They don't stay true. They don't stay tight. Inspect any such bike that's had a few miles and you can confirm this. If you turn them up enough to stay true and tight, they pucker or crack the rims. So in the same way as all department store garbage bikes sort-of appear to sort-of work, yes you can sort of use the wrong spokes and get away with it. But if you like your stuff to work well and stay that way, you will use the correct spokes for the job.

Day before yesterday, I built up a nice coaster brake wheel to improve a fixie bike. After sifting through I don't know how many donated and subsequently scrambled spokes, I came up with 28 14-17ga spokes of the right length and built a wheel on a cast-off Velocity Blunt SL rim. The future buyer will never know how nice a wheel that is. They'll only know they don't have to mess with it because it's just fine.
 
They don't stay true. They don't stay tight.
On my first kit hub, I had to tighten spokes every 500 miles or so, and the rim went out of true over time, but in radially.
I laced my current wheel with 12/13 spokes, because I didn’t want to use washers, but even thats been ok (but I’d go with straight 14 with washers next time). It took me a while to get everything tensioned correctly, since it was my first time, but haven’t had to make any adjustments for 2 years now.
 
I realize most on this forum believe that all bike wheels should be laced with 14 g spokes
No, just the ones with rims designed for those (which is most of the bicycle rims).

If you use rims designed for the tension requirements of 12g spokes, you can use those safely.

If you use rims designed for 10g or even thicker spokes, you can use those safely.


No real way to know how many wheels using 12g spokes are on rims that are designed for them, vs ones that just happen to be strong enough to handle the tension under the usage scenarios they see, vs those that can handle it for a while, vs ones that simply can't do it even from the beginning.


Regarding failure statistics, remember that most people that have problems (of any kind, with anything) don't communicate that anywhere--they just replace the thing that fails. (A few will fix it or have it fixed, but most find that inconvenient or not cost effective, or don't even know that they *can* fix/have it fixed).

Only a small percentage of problems get discussed at all, and only a small percentage of that is done on the internet, and only some of that is on forums where posts about these issues will be retained over time (so they can be found in searches).
 
No real way to know how many wheels using 12g spokes are on rims that are designed for them, vs ones that just happen to be strong enough to handle the tension under the usage scenarios they see, vs those that can handle it for a while, vs ones that simply can't do it even from the beginning.
So it could be maybe wheels that come with hub motors are actually designed for 12 g spokes that might be why there aren't massive failure rates.
 
So it could be maybe wheels that come with hub motors are actually designed for 12 g spokes that might be why there aren't massive failure rates.
If that were true, they'd have motorcycle/moped rims. But they use bicycle rims, and I've never come across one of those rated for more than 1400N per spoke.

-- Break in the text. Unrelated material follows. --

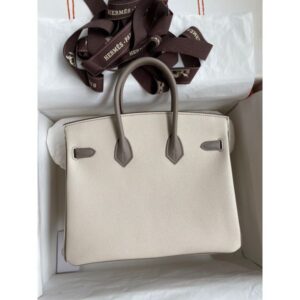 Hermes HSS Birkin 25 Bicolor Bag in Craie and Gris Asphalt Epsom Calfskin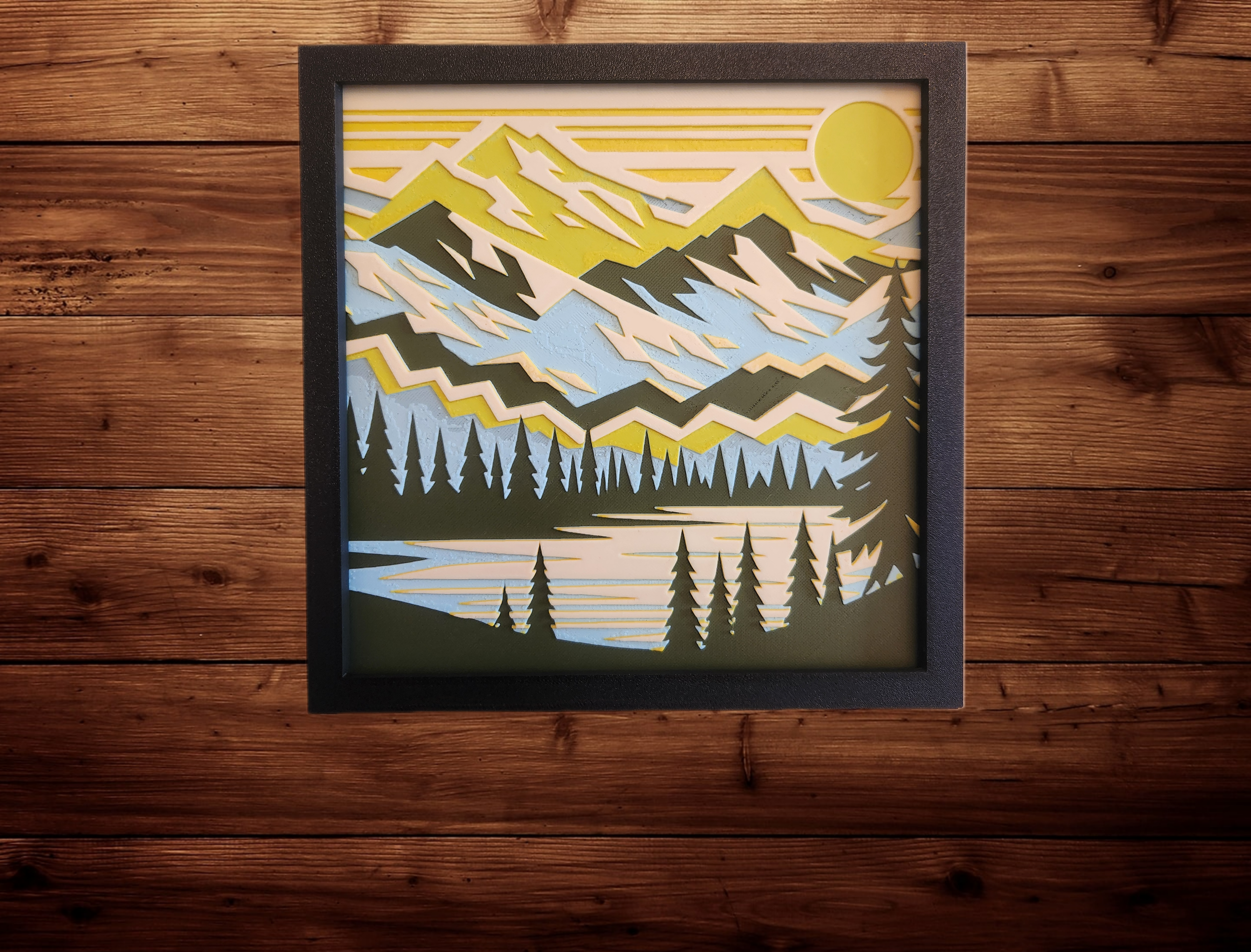 I’m LJ, a Canadian 3D printing artist and the maker behind Side Quest Shenanigans. This site is my gallery for HueForge prints—layered 3D-printed artwork that blends colour, depth, and light into pieces that look like mini paintings (200x200MM).

The downside of moto and moped rims is that they're pig heavy and don't seat bicycle tires well.
 
So it could be maybe wheels that come with hub motors are actually designed for 12 g spokes that might be why there aren't massive failure rates.
I don't think so.

If that were the case, we wouldn't see the problems with hubmotor wheels that we do, that are caused by spokes too thick for the rims, breaking them from the tension required to make them function as tensioned-spoke-wheels.

As previously noted, it's not possible to find out what the actual failure rates are.
 
My first hub motor (cheap 1500w) came with 13g spokes in a 26" mtb rim, the spokes broke constantly and in the end so did the rim. Replaced the rim with another no name 26" but this time used 14g and never had another issue with that wheel until I eventually overheated the windings.
Seems like my experience is very similar to lots of others so personally I'd stick to 14g on mtb rims.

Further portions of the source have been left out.